◆ WHAT TO PRODUCE: Please copy the listing that follows exactly, leaving out any pictures.
━━ COLLECTED DATA ━━
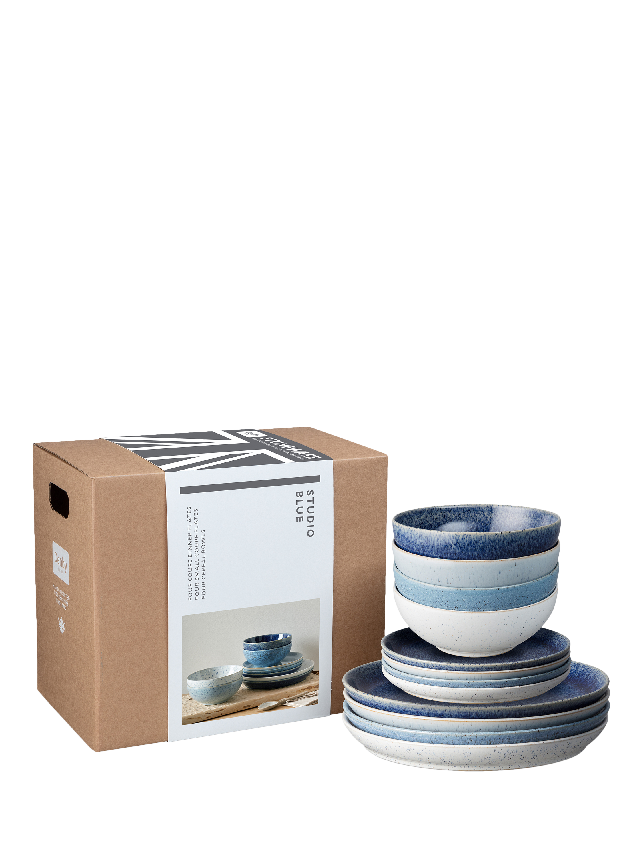 This 12-piece dinnerware set includes four dinner plates, four small plates and four cereal bowls in all four Studio Blue glazes: Chalk, Cobalt, Pebble and Flint, from the Studio Blue collection, offering a mix and match look.
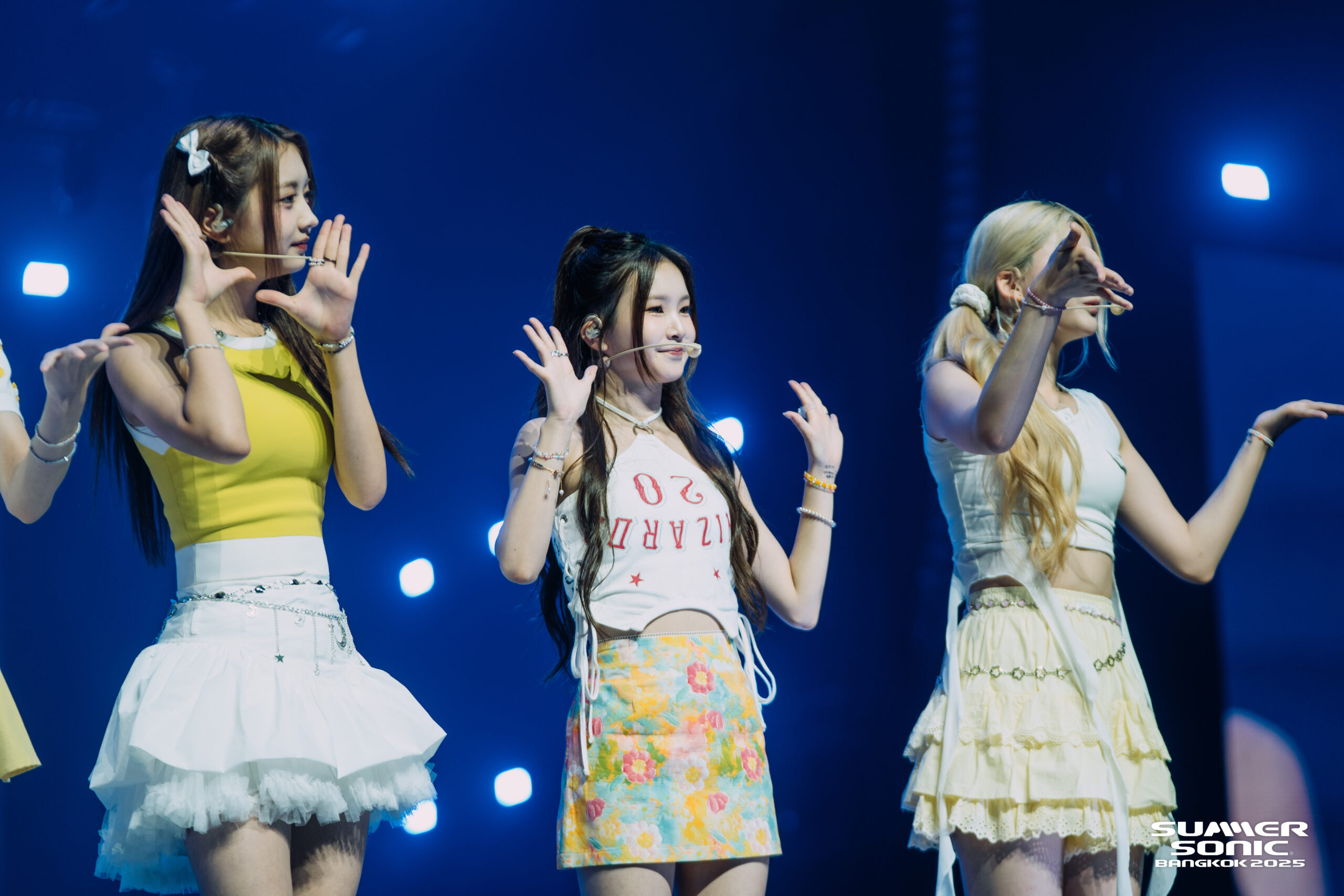 12人組の大編成ならではの圧倒的な存在感で、ステージに登場した瞬間から会場の視線を独占した。多彩なヴォーカルが重なり合い、群舞のようなダンスが繰り広げられると、ステージはまるで色とりどりの万華鏡のように輝きを放つ。序盤ながらも観客は総立ちで声援を送り、祝祭感は一気に加速していった。
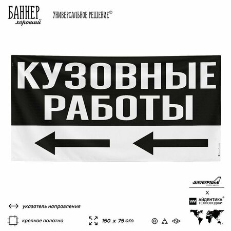 Рекламная вывеска баннер Кузовные работы, 150x75 см, с указателем, для автосервиса, черный, SIlverPlane x Айдентика Технолоджи
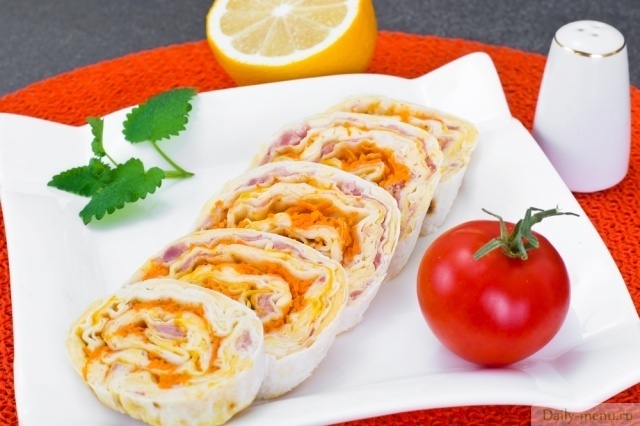 лаваш армянский, тонкий, ветчина особая, морковь корейская, сыр плавленый, сыр костромской, майонез
━━━
◆ EXPECTED OUTPUT:
 This 12-piece dinnerware set includes four dinner plates, four small plates and four cereal bowls in all four Studio Blue glazes: Chalk, Cobalt, Pebble and Flint, from the Studio Blue collection, offering a mix and match look.
 12人組の大編成ならではの圧倒的な存在感で、ステージに登場した瞬間から会場の視線を独占した。多彩なヴォーカルが重なり合い、群舞のようなダンスが繰り広げられると、ステージはまるで色とりどりの万華鏡のように輝きを放つ。序盤ながらも観客は総立ちで声援を送り、祝祭感は一気に加速していった。
 Рекламная вывеска баннер Кузовные работы, 150x75 см, с указателем, для автосервиса, черный, SIlverPlane x Айдентика Технолоджи
 лаваш армянский, тонкий, ветчина особая, морковь корейская, сыр плавленый, сыр костромской, майонез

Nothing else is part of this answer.